Broken Accidents, a multidisciplinary theatre production three years in the making (sort of, we’ll get to that) opens tonight at the newly renovated, still not officially opened yet, RCA Theatre at the LSPU Hall.
I sat down with director Lois Brown yesterday evening before the final dress rehearsal to find out how Broken Accidents came to be and what it’s been like getting it here.

"Suicide Pete's first attempt." A scene from Broken Accidents. Click to enlarge.
We’re inside the RCA’s black box theatre, Lois and I, sat in the front row in plush red seats while dancers/actors and actors/dancers clad in sweats saunter and stretch on the stage before us. There’s a level of comfort in the air here that you can easily put your finger on: these people have spent real time together, they are familiar with one another.
They are, in every good sense of the word, family.
I ask Lois about the show and it’s not long before she’s describing how lovely and talented cast member and fellow collaborator Sara Stoker is, she leaning against the far wall of the stage, raising her legs one at a time above her head the way you or I would raise an arm.
We’ve barely scratched the surface of what Broken Accidents is or how it came to be and already I’m pulled in. It’s appropriate that we’re sat in the audience because suddenly I feel like I’m a member, and the show isn’t opening for another 24 hours.

"Suicide Pete's first attempt." A scene from Broken Accidents. Click to enlarge.
Three years ago, author Joel Hynes approached Lois with a book titled Broken Accidents by Toronto-based author Philip Arima, emphatic that it ought to be dramatized. Together with choreographers Sara Stoker and Louise Moyes, they drew up plans for its staging.
It wasn’t easy, with a writer, a director and two choreographers each bringing such distint processes to the table, almost like a game of paper rock scissors where everyone needs to be the winner for the game to be a success.
Eventually Lois and Sara brought in performers such as Lisa Porter, Mark Bath, Phil Winters, and Molly Graham, and after two weeks of exploration the results were presented to an audience. Still not the finished piece, but things were moving along steadily.
Then Lois was struck by a vehicle. Or, as she put it, ran over by an SUV. Both her legs were broken. She couldn’t walk for six months. Broken Accidents (a now painfully ironic title) was forced into an almost year-long hiatus.

"Suicide Pete's first attempt." A scene from Broken Accidents. Click to enlarge.
In January of this year Lois and Sara assembled the avengers and began picking up the pieces of Broken Accidents, running rehearsals on the Arts and Culture Centre stage — literally. As Lois explained, the stage there is so big you can actually get up to a full run as you thrust yourself across it. The space made for some much-welcomed development of what was now an abundance of material.
In order to pare this material down to its bare essentials, Joel Hynes was brought back along with Amy House to workshop the piece. Together with Lois they hammered out what would become the working script for Broken Accidents, which for the last five weeks Lois has rehearsed with her cast on the stage of the RCA Theatre.
Getting five weeks of access to this stage is unprecedented, and will likely never happen again. It came about as a happy accident: since renovations on the space have only just recently been completed there are no other shows in production requiring it. Once things are up and running again the stage will be in hot demand, access to it for rehearsals limited to days, never weeks.
Were it not for this situation, which Lois’ accident forced the cast of Broken Accidents into, she says the production could never have come to be as it is. What it’s proven is that there is a real need for a studio rehearsal space in St. John’s. It’s something that’s always been know, Lois tells me, but with Broken Accidents we have definitive proof – this level of production is what we’re missing out on.

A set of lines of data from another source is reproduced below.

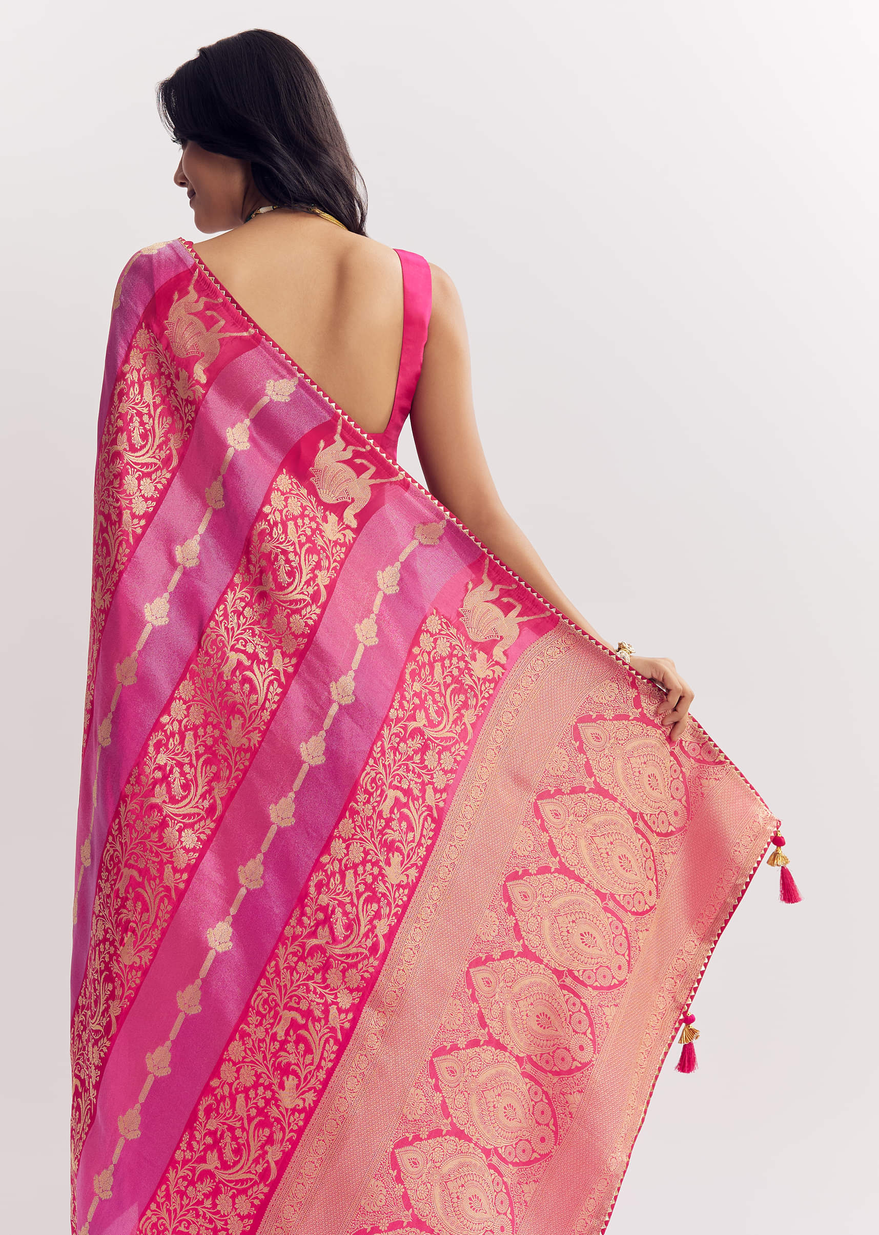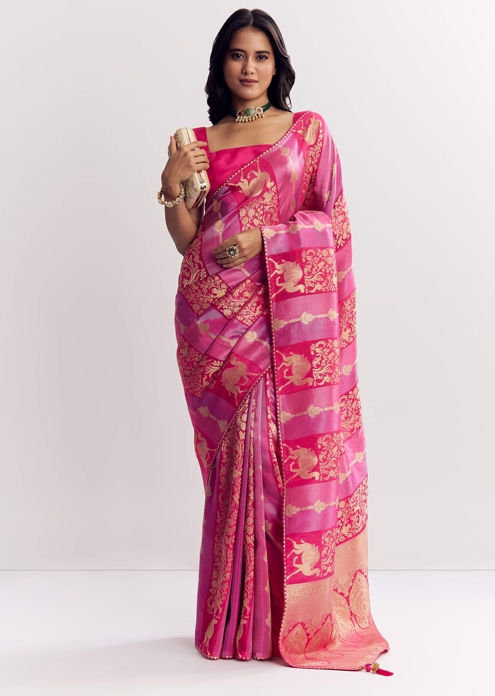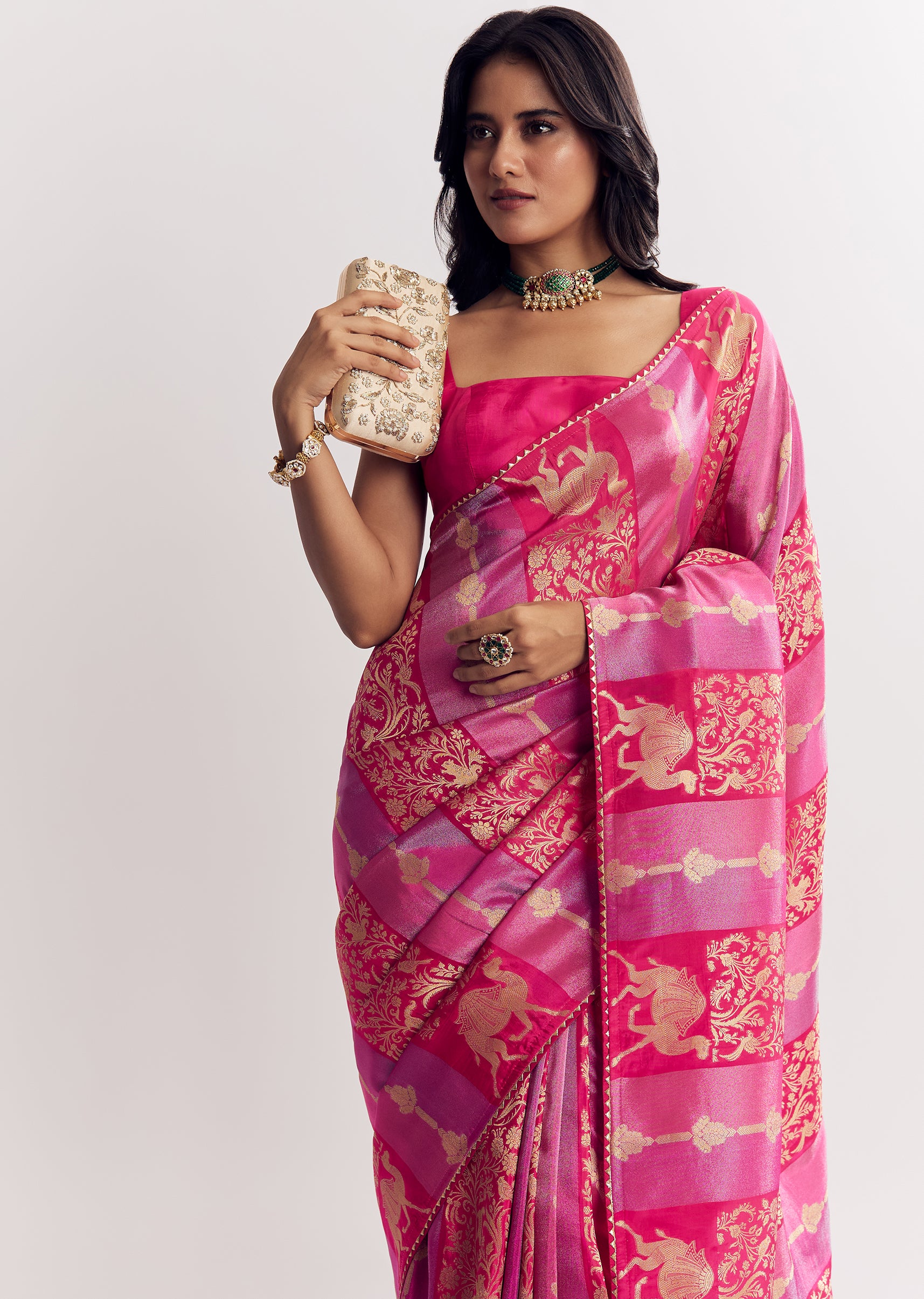 Pink Purple Shaded Dola Silk Saree With Gota Patti Motif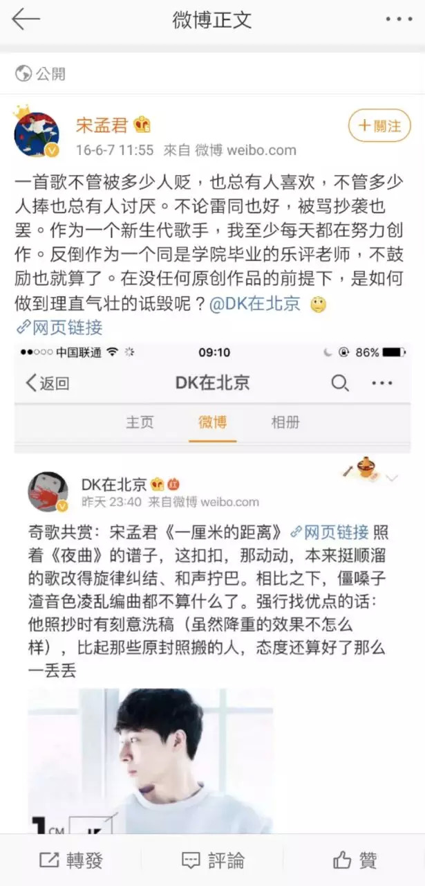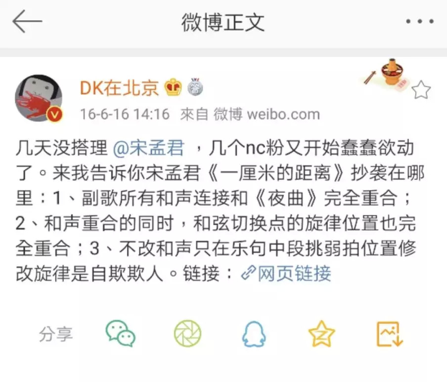 针对邓柯的言论,宋孟君先是以喜好不同来偷换抄袭的质疑,然后以“没有任何原创作品”来质疑邓柯的质疑资格。当然,最后周杰伦所属公司并没有站出来维权,此事也不了了之。可万万没想到的是,《一厘米的距离》仅仅是宋孟君抄袭的一个开端。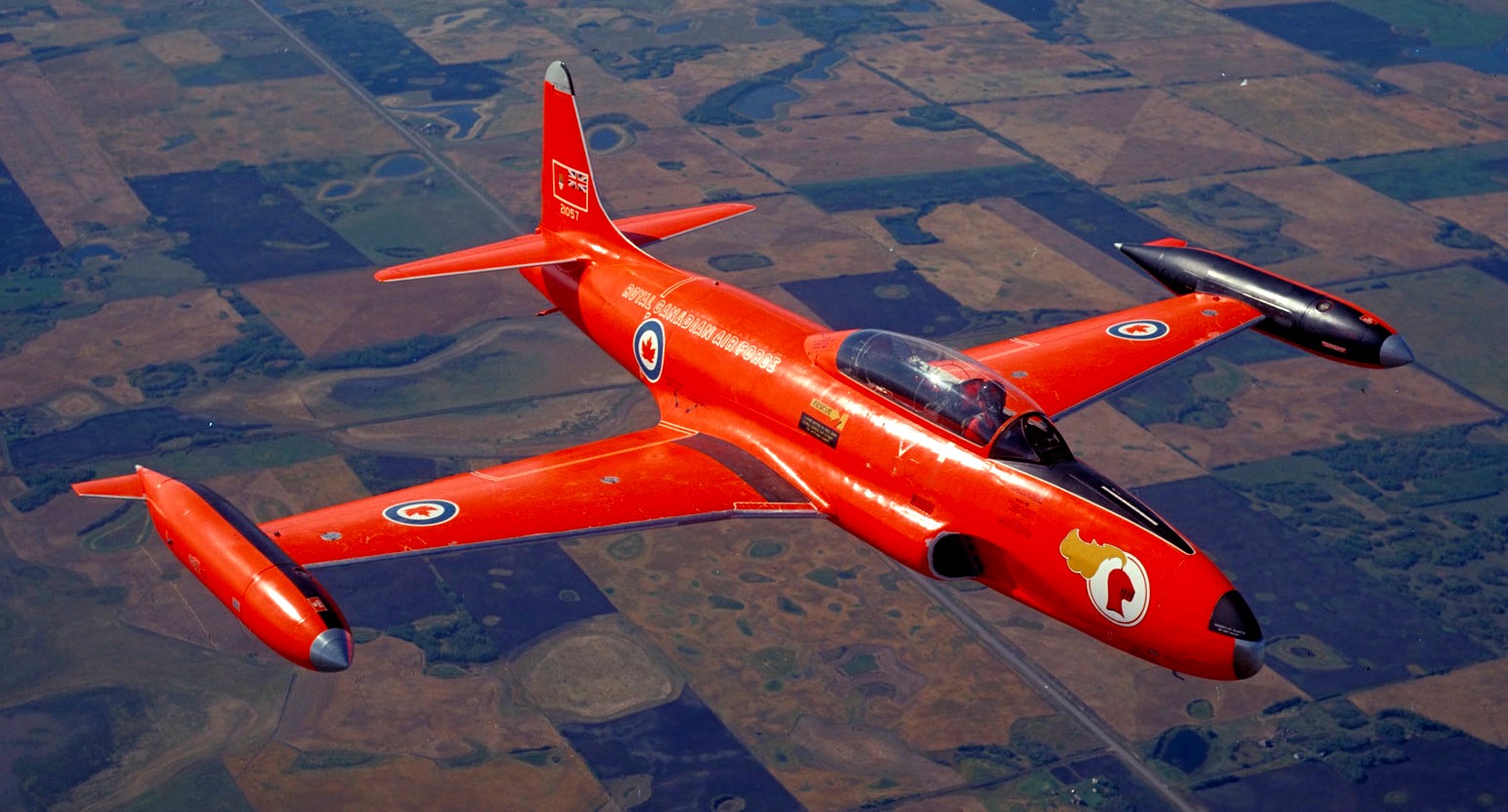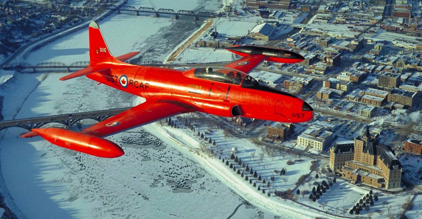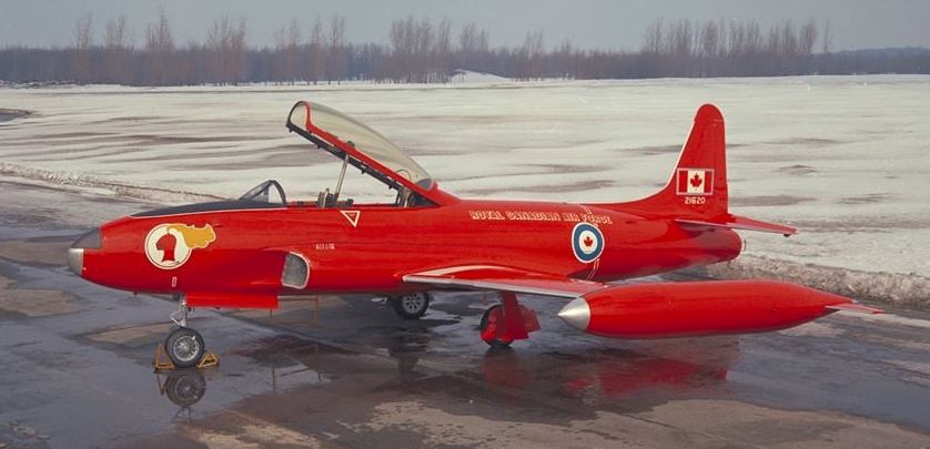 Canadair CT-133 Silver Star Mk. 3, RCAF (Serial No. 21057), Red Knight. This aircraft crashed on 21 Aug 1963 killing the pilot F/L James Wilfrid Morin while performing a Cuban 8 maneuver at Gimli.

"Suicide Pete's first attempt." A scene from Broken Accidents. Click to enlarge.
Broken Accidents explores themes of fear and alienation, confronting the notion that we’ve made ourselves less safe by becoming more afraid. Intense visual imagery is presented in amongst scenes of dialogue between characters, moving the story along in distinct yet equal measures.
Lois summed up the differences between the two disciplines in Broken Accidents nicely in that for the dancers, there are a lot of props, while for the actors, not so much. Both are being forced to conflict with and then adapt to the things they are less accustomed to, which in a lot of ways is in keeping with the story’s themes.
Broken Accidents opens tonight at 8pm at the LSPU Hall and runs until Sunday, August 15th. Tickets are $25 and there is a pay-what-you-can matinee at 2pm on Sunday. For more information or to book your tickets go to the RCA website, or call the Hall 753-4531.
Or you could win two free tickets! Simply leave a comment here and you’re entered into our 6pm draw this evening. The winner will receive two tickets to Broken Accidents for whichever night they choose.
Note: all comments must be accompanied by a valid e-mail address (we don’t collect that stuff in any way, but it helps keep the number of repeat entries down to a minimum, which is only fair).
UPDATE: Congratulations to craigor on winning our draw for two tickets to Broken Accidents. Enjoy the show!